**What you have to do**
Having located the line with "It was sweet, fruity, and", repeat it and all remaining lines of the records exactly. Pictures do not belong in the answer.

**Task input**
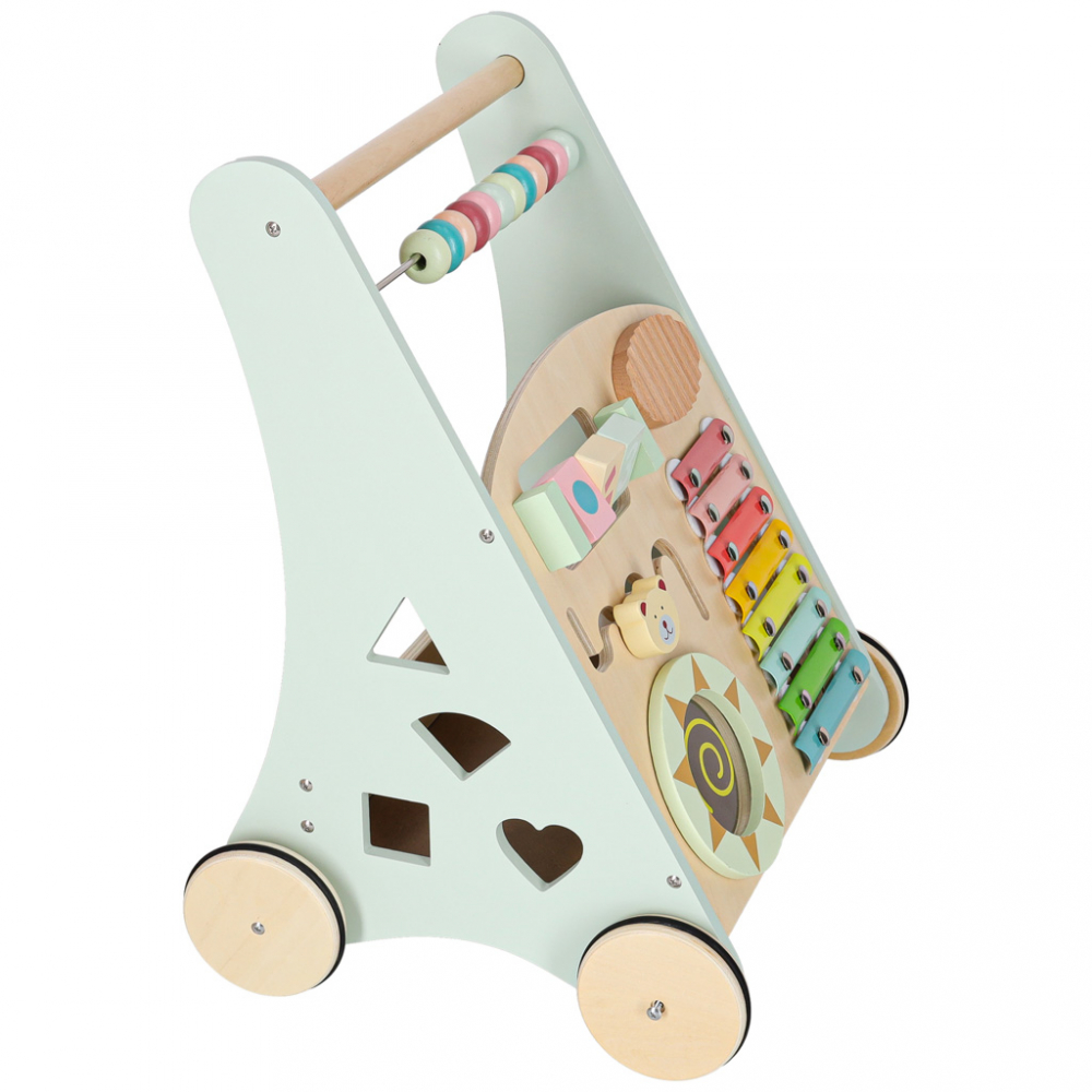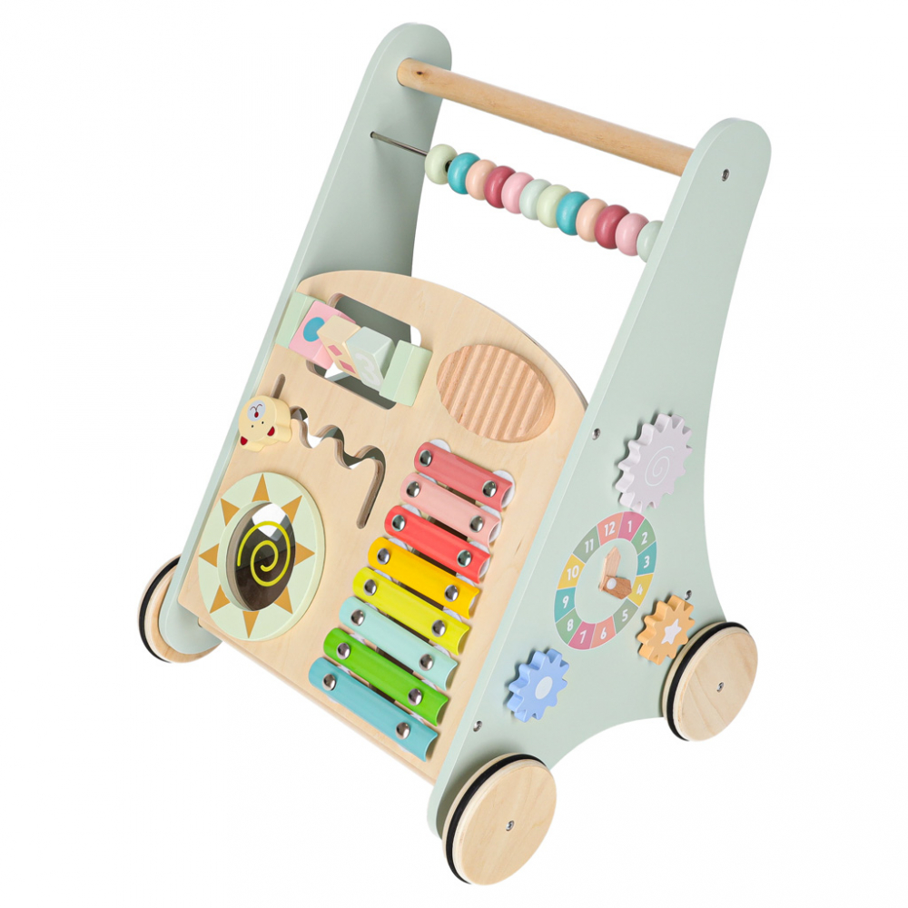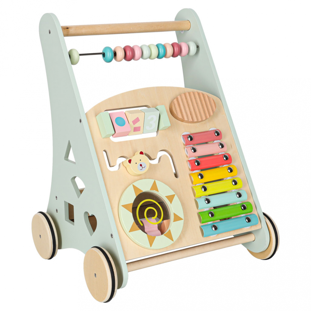 Siguranta si Durabilitate: Lemnul cu finisaj neted si margini rotunjite asigura un joc sigur. Varietatea de functii mentine interesul copilului pe termen lung.
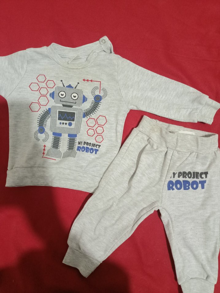 Gri renkli, uzun kollu, yumuşak kumaştan yapılmış bebek takımı. Üstte baskılı robot deseni ve alt pantolonda "YPROJECT ROBOT" yazısı bulunur. Kusurlar resimlenmistir.
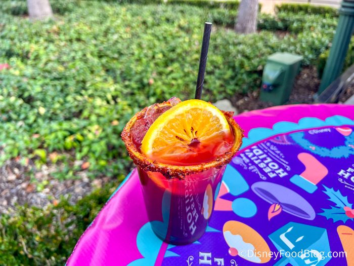 It was sweet, fruity, and delicious. The flavors at the forefront of this margarita are the coconut and lime. And the fun “champagne” bubbles candy are actually little gumdrops. We love how photogenic it is, too! You can grab it for $16.
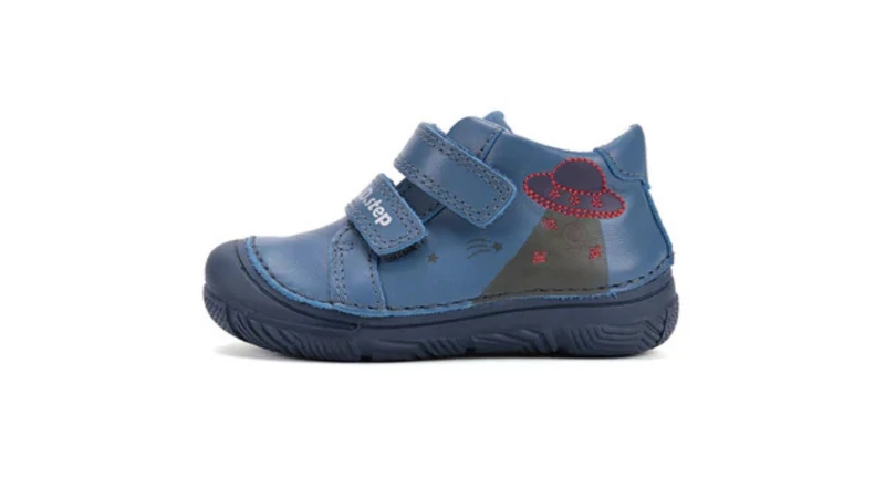 A DDStep első lépés kollekciója a "barefoot" (mezítlábas) irányzat elveit követi: a cipő orra széles, hogy a lábujjak kényelmesen elférjenek, talpa pedig minden irányban rendkívül hajlékony. Ez a modell prémium minőségű, királykék valódi bőrből készült, amely puhán simul a lábra. A vidám, piros hímzett repülő csészealj és a csillagok nemcsak látványosak, de tartós díszei is a lábbelinek, amelyek jól bírják az aktív igénybevételt.
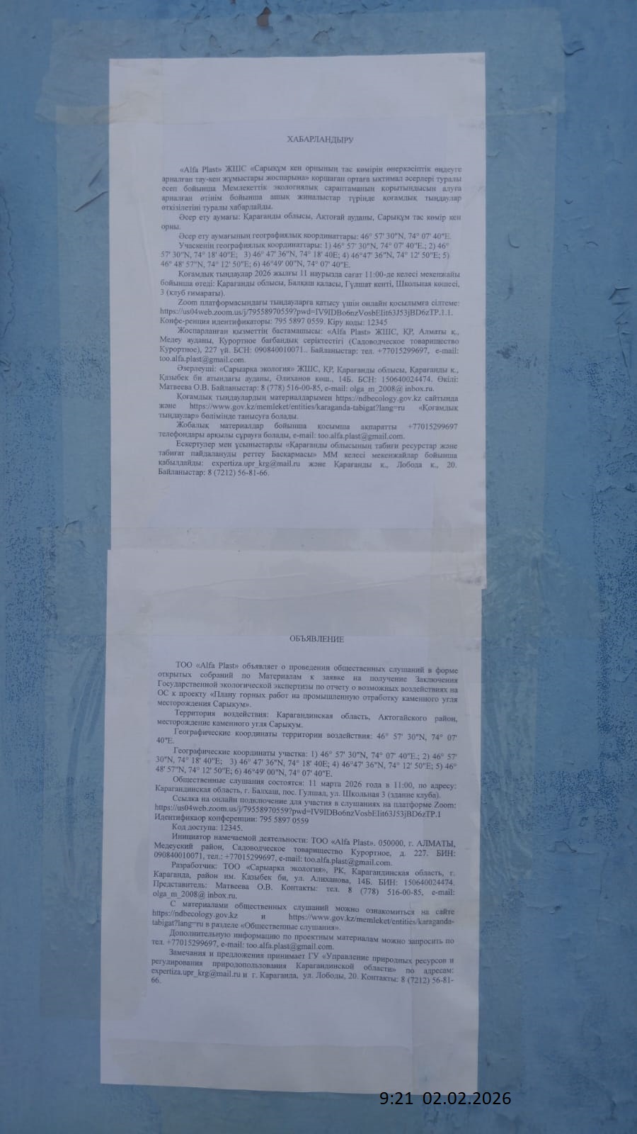 3. Общественные слушания организованны: Управление природных ресурсов и регулирования природопользования Карагандинской области, expertiza.upr_krg@mail.ru,

**Response below**
 It was sweet, fruity, and delicious. The flavors at the forefront of this margarita are the coconut and lime. And the fun “champagne” bubbles candy are actually little gumdrops. We love how photogenic it is, too! You can grab it for $16.
 A DDStep első lépés kollekciója a "barefoot" (mezítlábas) irányzat elveit követi: a cipő orra széles, hogy a lábujjak kényelmesen elférjenek, talpa pedig minden irányban rendkívül hajlékony. Ez a modell prémium minőségű, királykék valódi bőrből készült, amely puhán simul a lábra. A vidám, piros hímzett repülő csészealj és a csillagok nemcsak látványosak, de tartós díszei is a lábbelinek, amelyek jól bírják az aktív igénybevételt.
 3. Общественные слушания организованны: Управление природных ресурсов и регулирования природопользования Карагандинской области, expertiza.upr_krg@mail.ru,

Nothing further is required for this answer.